Tyrosine nitration as evidenced by IRMPD spectroscopy

Date de publication: 1er décembre 2011

R. K. Sinha, B. Chiavarino, M. E. Crestoni, D. Scuderi, S. Fornarini
Int J Mass Spectrom Ion Processes 308 (2-3) 209-216 (2011). DOI

Travail réalisé sur le site de l’Université Paris Sud.

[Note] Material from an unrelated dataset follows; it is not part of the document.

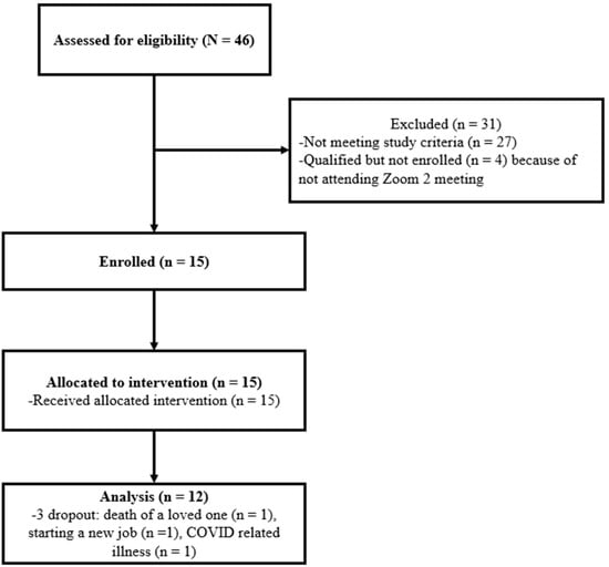 Two participants (2/15, 13.4%) dropped out immediately after completing the week 1 web part I intervention because of the death of a family member and starting a new job, respectively. An additional woman dropped out after completing the week 2 intervention due to COVID-19-related illness. These led to an 80% (12/15) retention rate at the end of the study (Figure 1). Of the 12 women who completed the study, everyone (100%) completed the three weekly web intervention activities (both parts I and II) and joined the three online health coaching sessions (100%).

Protonated 3-nitrotyrosine ([nitroTyr + H]+) has been investigated by collision induced dissociation at variable energy and by IR multiple photon dissociation (IRMPD) spectroscopy in conjunction with quantum chemical calculations. Ultimately, this investigation is aimed at providing a diagnostic signature of protein tyrosine nitration, a post translational modification implied in pathological states. IRMPD spectroscopy of [nitroTyr + H]+ ions has been examined in two different spectral regions, namely in the 1000–2000 cm-1 range, using the free electron laser beamline at the CLIO facility, and in the 3200–3700 cm-1 range, using a tabletop laser source. [nitroTyr + H]+ ions have been assayed in parallel with intact [Tyr + H]+ ions revealing characteristic bands at 1329 and 1540 cm-1. Mode assignments allowed by density functional theory calculations of the IR spectra of the most stable conformers indicate that these features are associated to vibrations of the nitro group and are endowed with enhanced activity. In the NH/OH stretching region, the remarkable difference between the IRMPD spectra is the strong absorption at 3641 cm-1 of the ring OH stretching of [Tyr + H]+ which is absent in the nitrated ion due to a strong hydrogen bond engaging the ring OH and the ortho nitro group. These results suggest that IRMPD spectroscopy and tandem mass spectrometry may afford a selective method for the analysis and characterization of 3-nitrotyrosine, to be possibly extended to 3-nitrotyrosine-containing peptides.